Installed version of CUDA and cuDNN: CUDA-8.0 and cuDNN - 5.1.10
(please attach the output of ls -l /path/to/cuda/lib/libcud*):

-rw-r--r-- 1 root root 559800 Jan 26 17:10 /usr/local/cuda-8.0/lib64/libcudadevrt.a
lrwxrwxrwx 1 root root 16 Jan 26 17:13 /usr/local/cuda-8.0/lib64/libcudart.so -> libcudart.so.8.0
lrwxrwxrwx 1 root root 19 Jan 26 17:13 /usr/local/cuda-8.0/lib64/libcudart.so.8.0 -> libcudart.so.8.0.61
-rw-r--r-- 1 root root 476024 Jan 26 17:10 /usr/local/cuda-8.0/lib64/libcudart.so.8.0.61
-rw-r--r-- 1 root root 966166 Jan 26 17:10 /usr/local/cuda-8.0/lib64/libcudart_static.a

If installed from binary pip package, provide:

  1. A link to the pip package you installed:
  2. The output from python -c "import tensorflow; print(tensorflow.__version__)".
    I tensorflow/stream_executor/dso_loader.cc:128] successfully opened CUDA library libcublas.so locally
    I tensorflow/stream_executor/dso_loader.cc:128] successfully opened CUDA library libcudnn.so.5.1.10 locally
    I tensorflow/stream_executor/dso_loader.cc:128] successfully opened CUDA library libcufft.so locally
    I tensorflow/stream_executor/dso_loader.cc:128] successfully opened CUDA library libcuda.so.1 locally
    I tensorflow/stream_executor/dso_loader.cc:128] successfully opened CUDA library libcurand.so locally
    0.12.1

If installed from source, provide

  1. The commit hash (git rev-parse HEAD)
  2. The output of bazel version

Build label: 0.4.3-2017-01-24 (@6fc5c53)
Build target: bazel-out/local-opt/bin/src/main/java/com/google/devtools/build/lib/bazel/BazelServer_deploy.jar
Build time: Tue Jan 24 20:34:16 2017 (1485290056)
Build timestamp: 1485290056
Build timestamp as int: 1485290056

If possible, provide a minimal reproducible example (We usually don't have time to read hundreds of lines of your code)

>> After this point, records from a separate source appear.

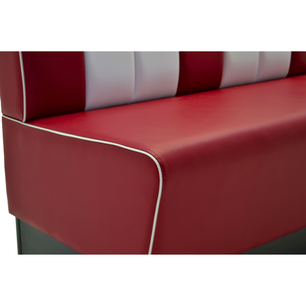 Die American Retro Sitzbank mit 160 cm Breite überzeugt mit stilvoller 50er-Jahre Optik und hohem Sitzkomfort. Die bequeme Polsterung, der voll bezogene Rücken und das robuste Buchenholzgestell machen sie ideal für den professionellen Einsatz in Gastronomie, Cafés oder Lounges. Dank des pflegeleichten Kunstleders ist sie auch im Alltag besonders praktisch.
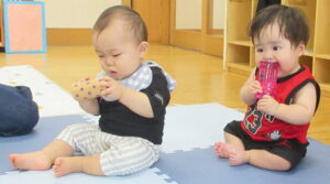 広いマットの上で好きなおもちゃを探して遊んでいました。
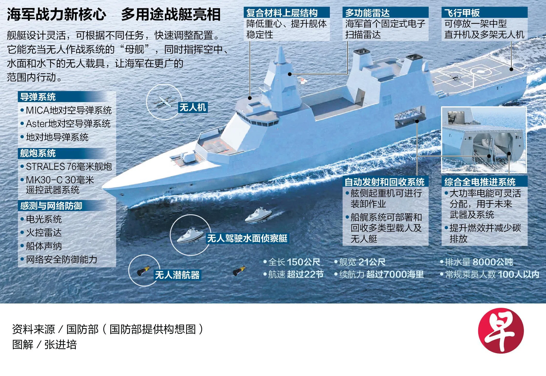 这艘结合现代护卫舰战力与无人系统操控功能的新型多用途战艇(Multi-Role Combat Vessel),是我国海军至今建造规模最大、系统最复杂的战舰。
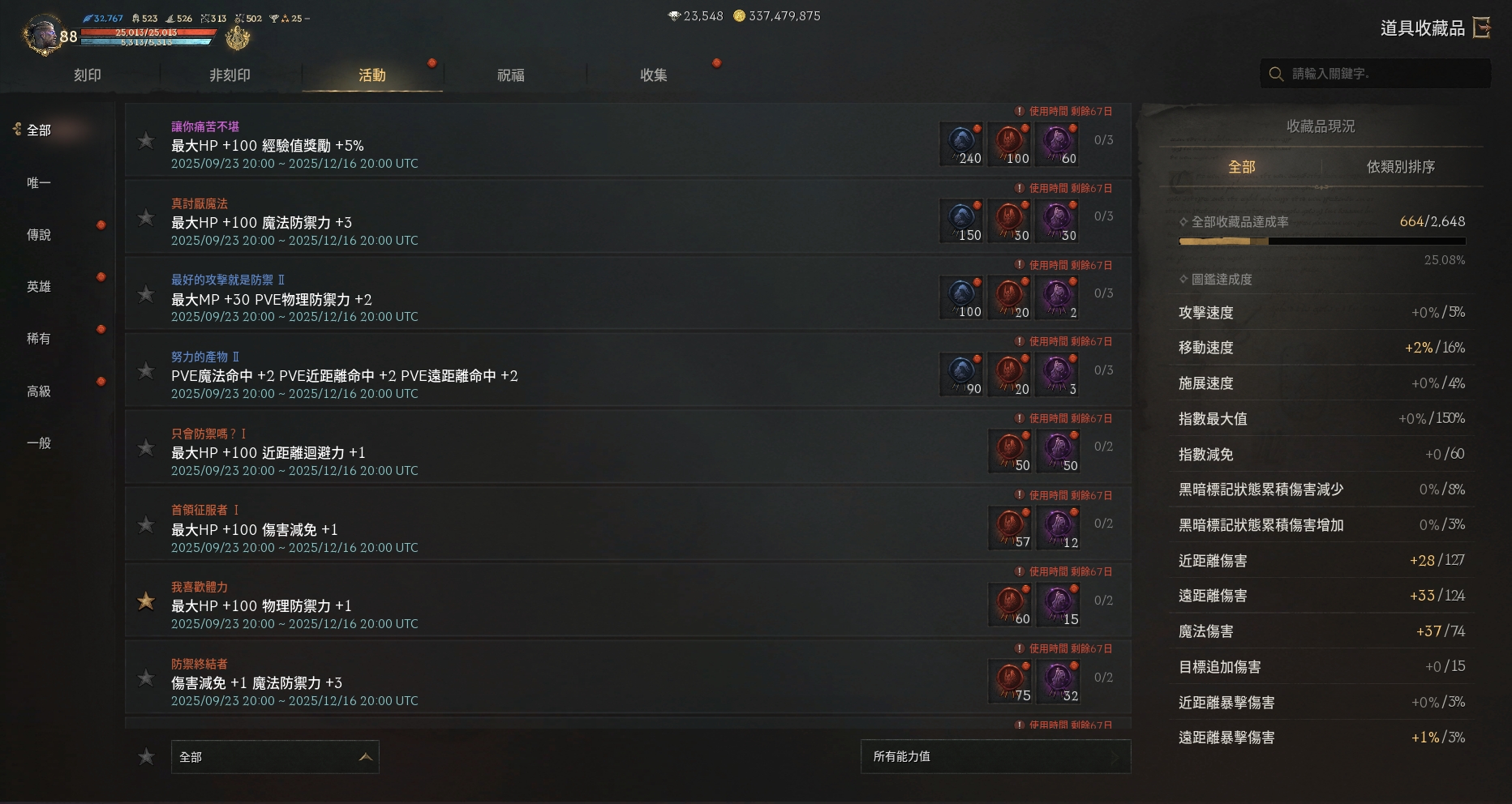 【總收藏】: 35.14% (遠傷+33、遠命+37、敏捷+14、物防+72、減傷+10)
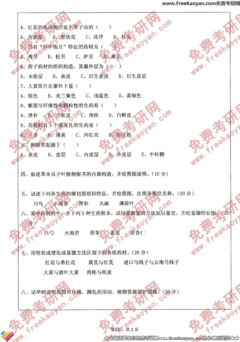 江苏大学2006年考研真题-药用植物与生药学(2)
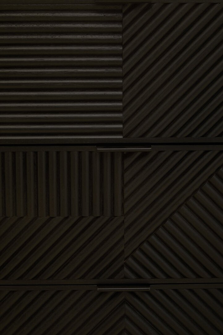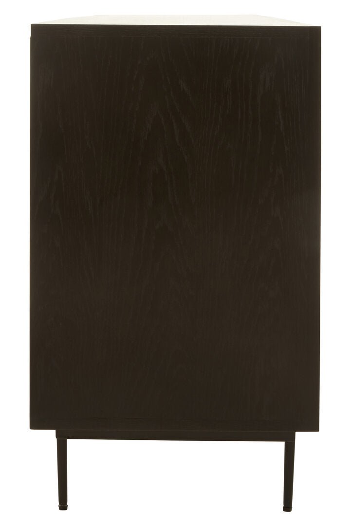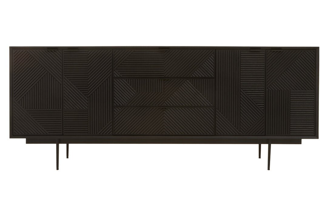 The Jakara sideboard is modern and functional, featuring a unique, hand-carved geometric pattern on the fronts of its drawers and cupboard doors, adding a striking textural element. The black finish wood is complemented by minimalist black handles and supported by a sleek black metal base with tapered legs, offering a sophisticated storage solution for any room.
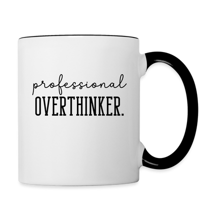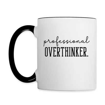 Tags: overthinker coffee mug, funny coffee mug, sarcastic mug, professional overthinker, humorous mugs, gift for overthinkers, witty coffee mug, stress-relief mug, daily caffeine companion, quirky coffee mug.
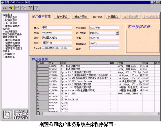 聯(lián)想神州數(shù)碼電子商務(wù)部于2000年7月承建利盟中國公司客戶服務(wù)中心系統(tǒng),該客戶服務(wù)系統(tǒng)可以為利盟全國的用戶提供產(chǎn)品、信息、價格、咨詢等服務(wù);服務(wù)方式包括人工、語音、傳真、郵件等。

Running mpi_ops_test.py gives error

mpirun -np 4 python mpi_ops_test.py

FailedPreconditionError (see above for traceback): MPI has not been initialized; use tf.contrib.mpi.Session.
[[Node: MPISize = MPISize_device="/job:localhost/replica:0/task:0/cpu:0"]]

Logs or other output that would be helpful

(If logs are large, please upload as attachment or provide link).

ERROR: test_mpi_allreduce_error (main.MPITests)
Test that the allreduce raises an error if different ranks try to

Traceback (most recent call last):
File "mpi_ops_test.py", line 162, in test_mpi_allreduce_error
rank = session.run(mpi.rank())
File "/usr/local/lib/python2.7/dist-packages/tensorflow/python/client/session.py", line 766, in run
run_metadata_ptr)
File "/usr/local/lib/python2.7/dist-packages/tensorflow/python/client/session.py", line 964, in _run
feed_dict_string, options, run_metadata)
File "/usr/local/lib/python2.7/dist-packages/tensorflow/python/client/session.py", line 1014, in _do_run
target_list, options, run_metadata)
File "/usr/local/lib/python2.7/dist-packages/tensorflow/python/client/session.py", line 1034, in _do_call
raise type(e)(node_def, op, message)
FailedPreconditionError: MPI has not been initialized; use tf.contrib.mpi.Session.
[[Node: MPIRank = MPIRank_device="/job:localhost/replica:0/task:0/cpu:0"]]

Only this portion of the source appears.